### Work to be completed
Leaving out all pictures, return the records word for word.
■ ■ ■ ■ ■
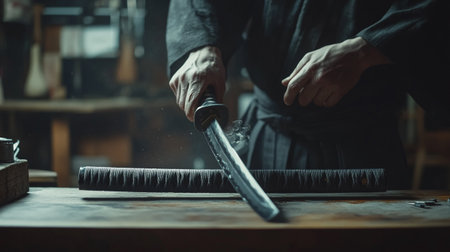 Katana sword master in action. Serious man wearing kimono training outdoor. Generative AI
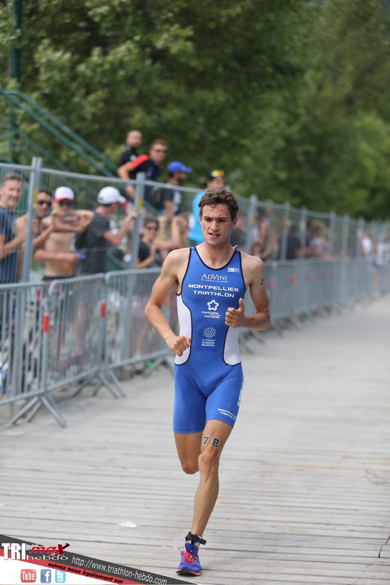 « Dès le début de la natation, je suis à gauche de Javier Gomez jusqu’à la première bouée où un autre compétiteur, qui alors se trouve dans les pieds de Gomez, perd contact avec l’espagnol. Le temps que je le double et le trou est fait. Zut! Je sors de l’eau avec 38s de retard et démarre le vélo en 3ème position.
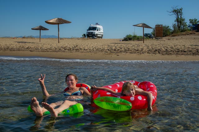 Dafür ist es einen Tag später umso einsamer: wir sind über Thessaloniki nach Norden und Westen Griechenlands gefahren und erreichen am Abend einen Traumstrand an der Ägäis. Weil man von der Autobahn noch ca. 20 km auf kleinen Straßen bis zur Küste hat, sind dort nur Einheimische anzutreffen, die aber am Abend alle nach Hause gehen. Glasklares Wasser, sauberer Strand und sogar eine Dusche – was will man mehr! Die Kinder wollen gleich einen ganzen Tag bleiben, aber das lässt der Reiseplan noch nicht zu.
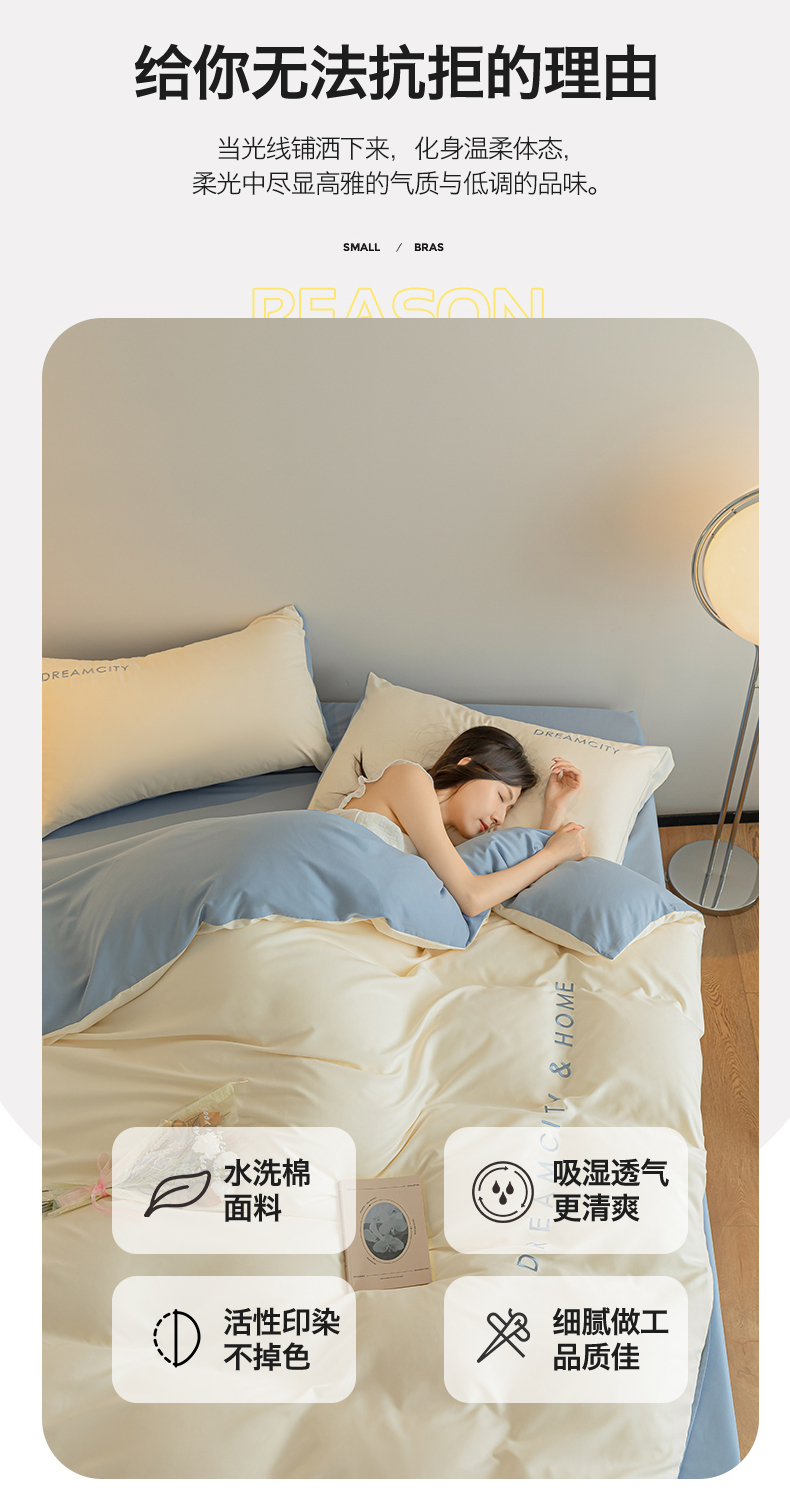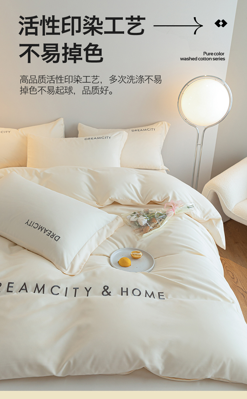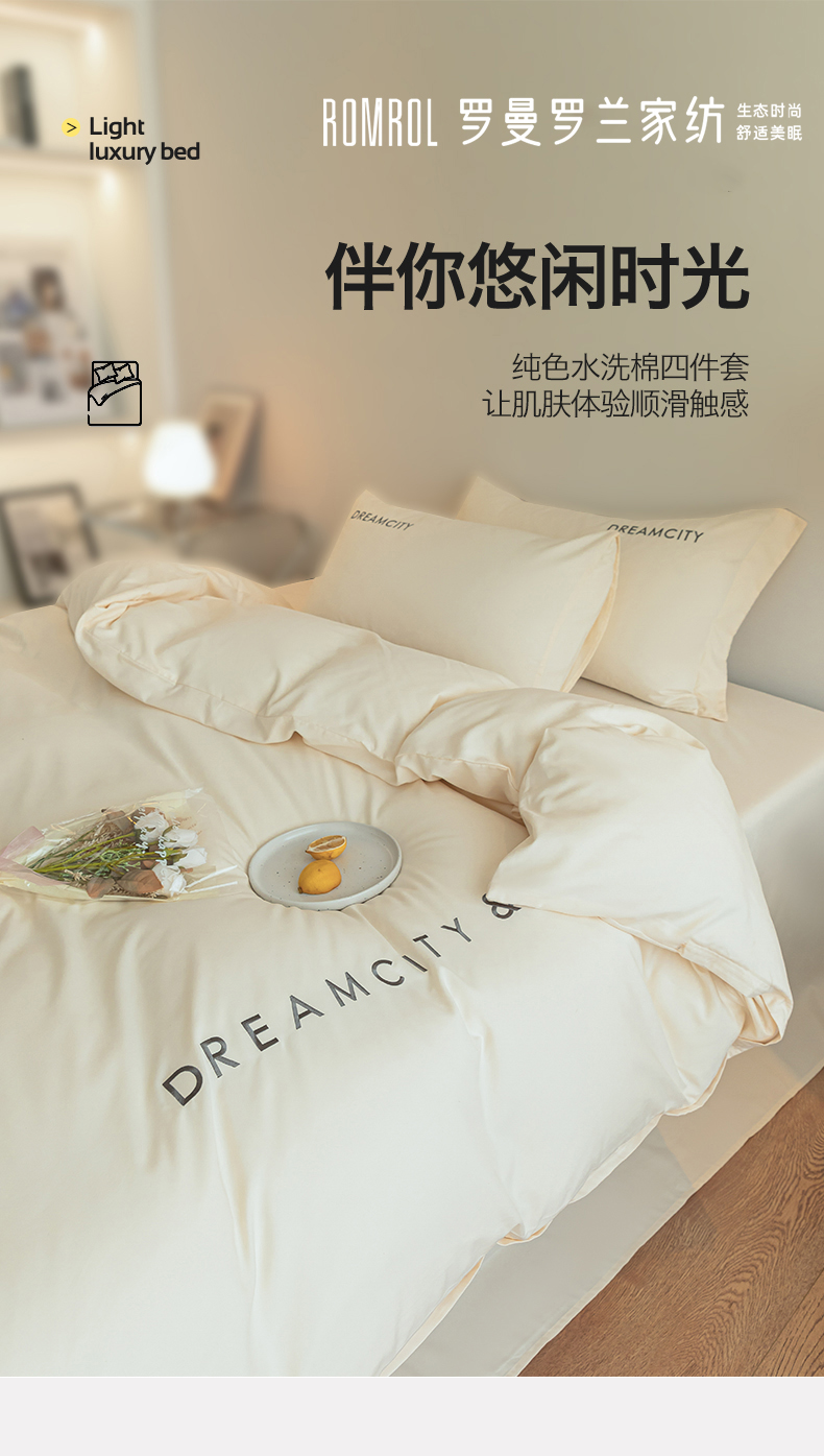 罗曼罗兰水洗磨毛四件套 奥利200*230cm(单位:套) 奶昔白 200*230cm
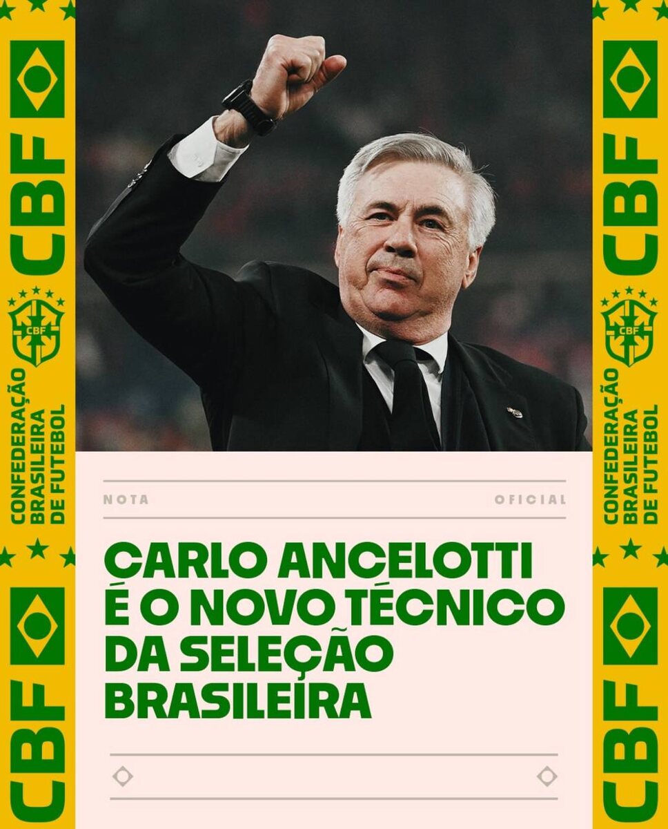 - Назначение Анчелотти в сборную Бразилии: Подробнее о выборе сборной Бразилии назначить Карло Анчелотти, что, как кажется, «кричит об отчаянии» национальной команды всего за год до Чемпионата мира.
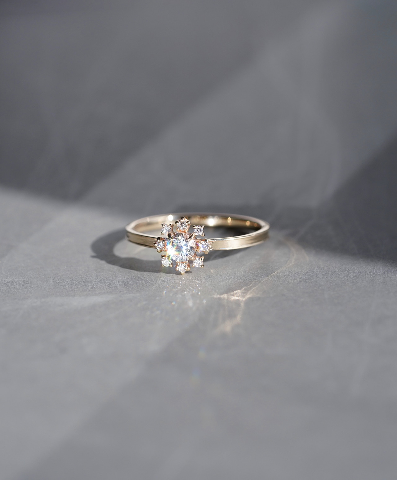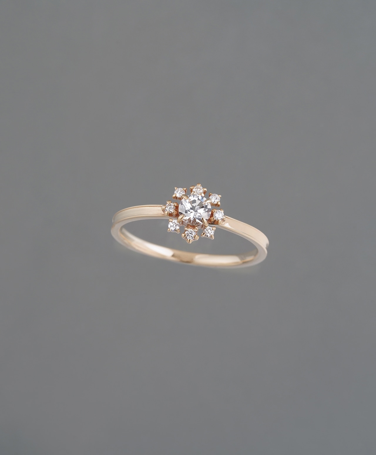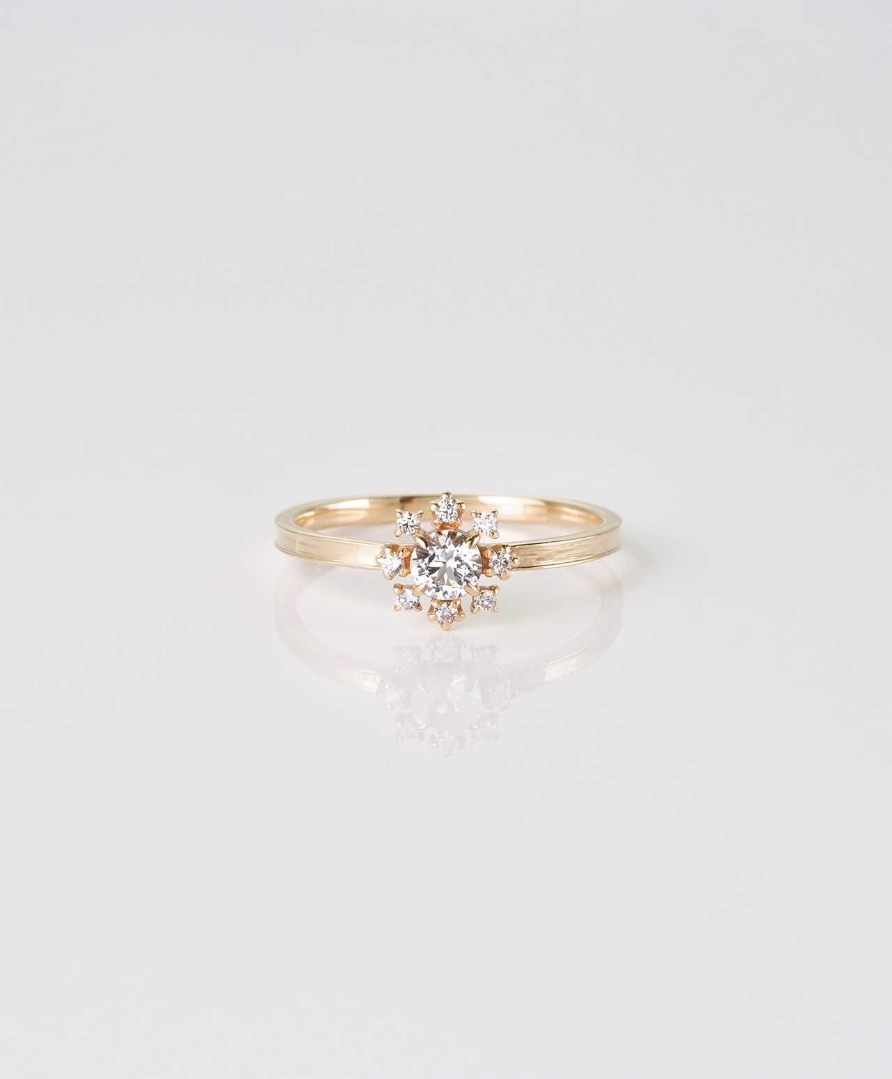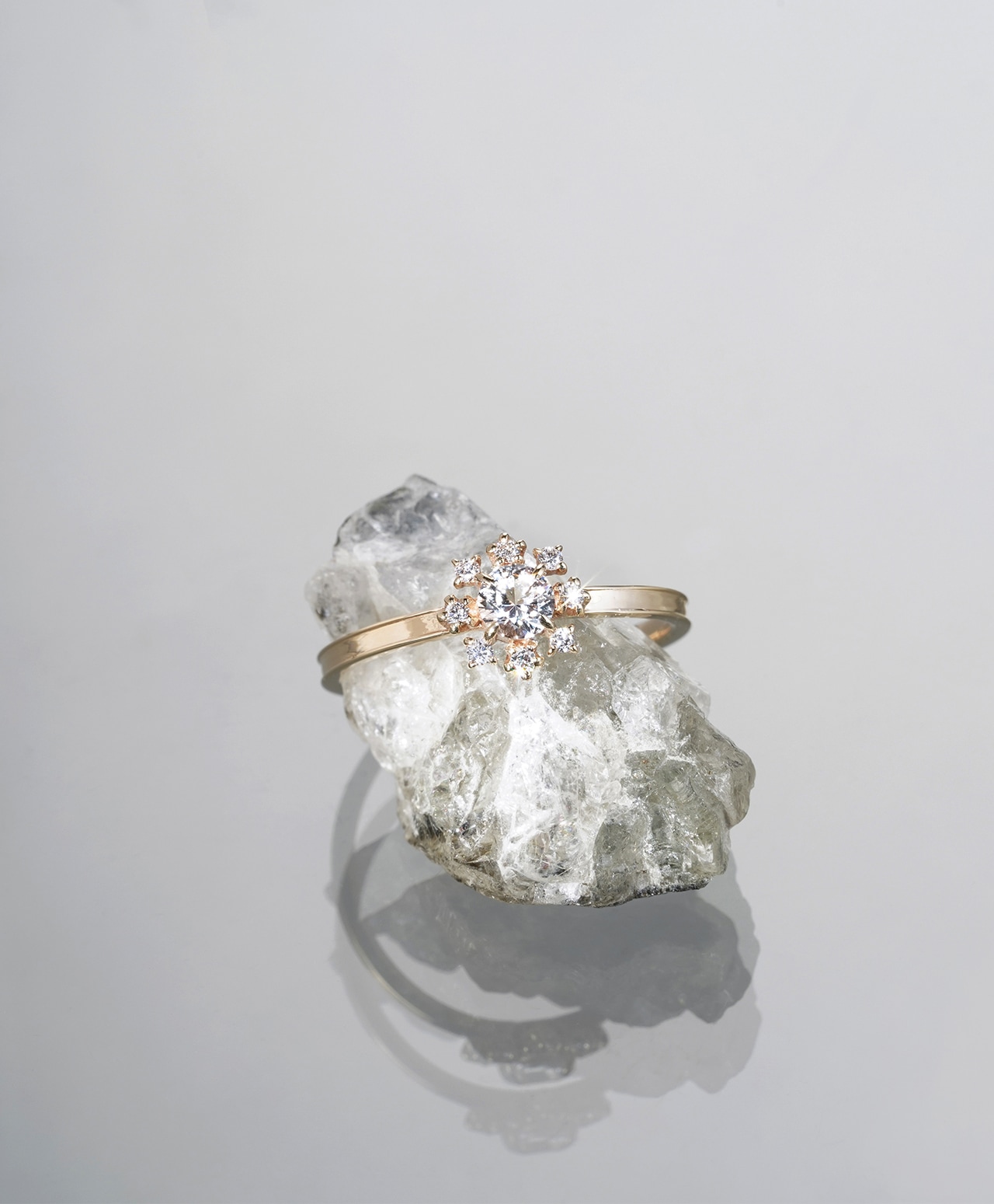 その周囲を取り巻くダイヤモンドは、繊細でありながら確かな煌めきを備え、フェナカイトの光を輪として際立たせます。中心から放たれた白い光が、放射状に、そして後光〈Halo〉となって広がる構造は、象徴的でありながら過度な力を感じさせず、凛とした静けさを保っています。
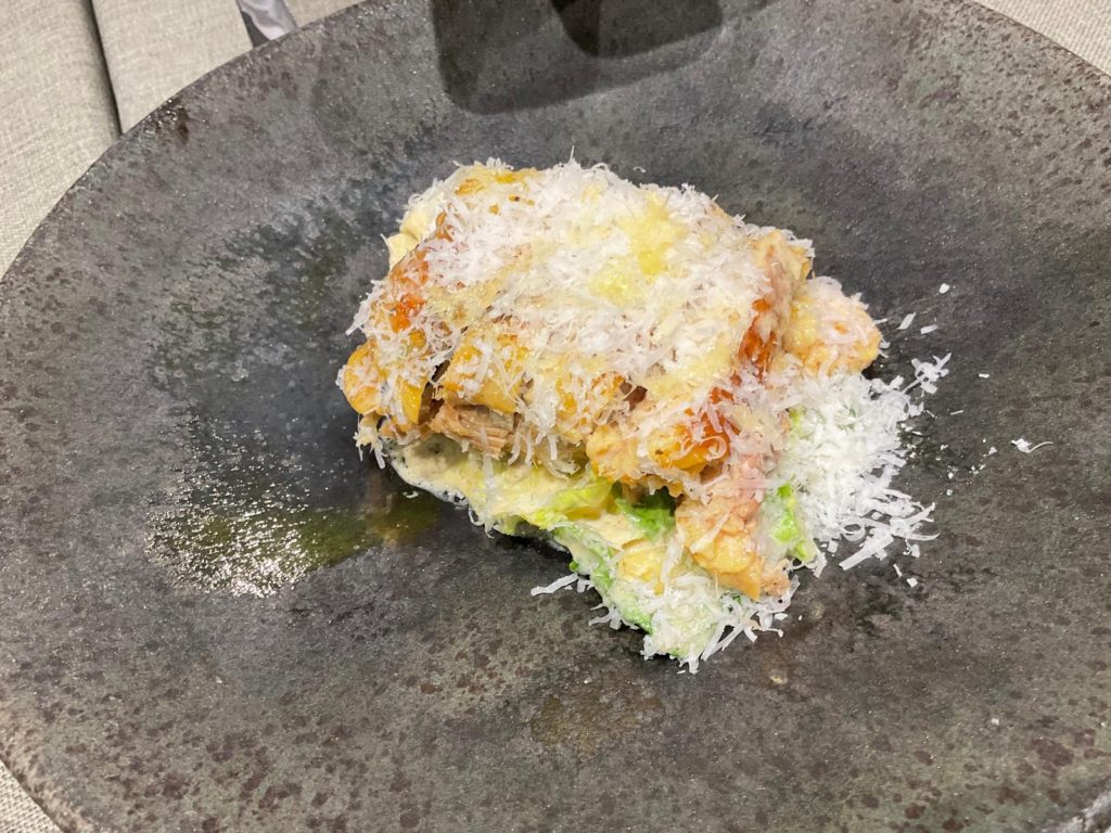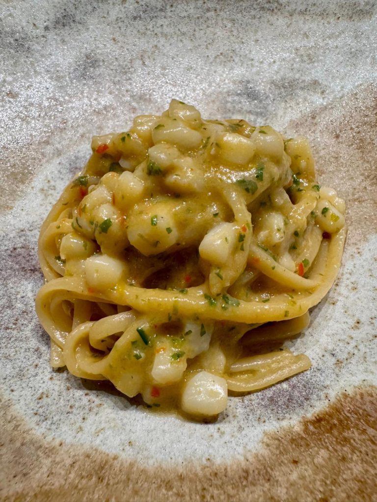 El viaje a Italia, a la cocina mediterránea, lo abre la pasta, unos linguini (originales de Liguria), con botarga (huevas de mújol) sepia, ajo y perejil, y como final dulce un babé napolitano, una masa blanda y esponjoso, que se hace jugoso en boca gracias a un almíbar de ron.
■ ■ ■ ■ ■
### Solution
 Katana sword master in action. Serious man wearing kimono training outdoor. Generative AI
 « Dès le début de la natation, je suis à gauche de Javier Gomez jusqu’à la première bouée où un autre compétiteur, qui alors se trouve dans les pieds de Gomez, perd contact avec l’espagnol. Le temps que je le double et le trou est fait. Zut! Je sors de l’eau avec 38s de retard et démarre le vélo en 3ème position.
 Dafür ist es einen Tag später umso einsamer: wir sind über Thessaloniki nach Norden und Westen Griechenlands gefahren und erreichen am Abend einen Traumstrand an der Ägäis. Weil man von der Autobahn noch ca. 20 km auf kleinen Straßen bis zur Küste hat, sind dort nur Einheimische anzutreffen, die aber am Abend alle nach Hause gehen. Glasklares Wasser, sauberer Strand und sogar eine Dusche – was will man mehr! Die Kinder wollen gleich einen ganzen Tag bleiben, aber das lässt der Reiseplan noch nicht zu.
 罗曼罗兰水洗磨毛四件套 奥利200*230cm(单位:套) 奶昔白 200*230cm
 - Назначение Анчелотти в сборную Бразилии: Подробнее о выборе сборной Бразилии назначить Карло Анчелотти, что, как кажется, «кричит об отчаянии» национальной команды всего за год до Чемпионата мира.
 その周囲を取り巻くダイヤモンドは、繊細でありながら確かな煌めきを備え、フェナカイトの光を輪として際立たせます。中心から放たれた白い光が、放射状に、そして後光〈Halo〉となって広がる構造は、象徴的でありながら過度な力を感じさせず、凛とした静けさを保っています。
 El viaje a Italia, a la cocina mediterránea, lo abre la pasta, unos linguini (originales de Liguria), con botarga (huevas de mújol) sepia, ajo y perejil, y como final dulce un babé napolitano, una masa blanda y esponjoso, que se hace jugoso en boca gracias a un almíbar de ron.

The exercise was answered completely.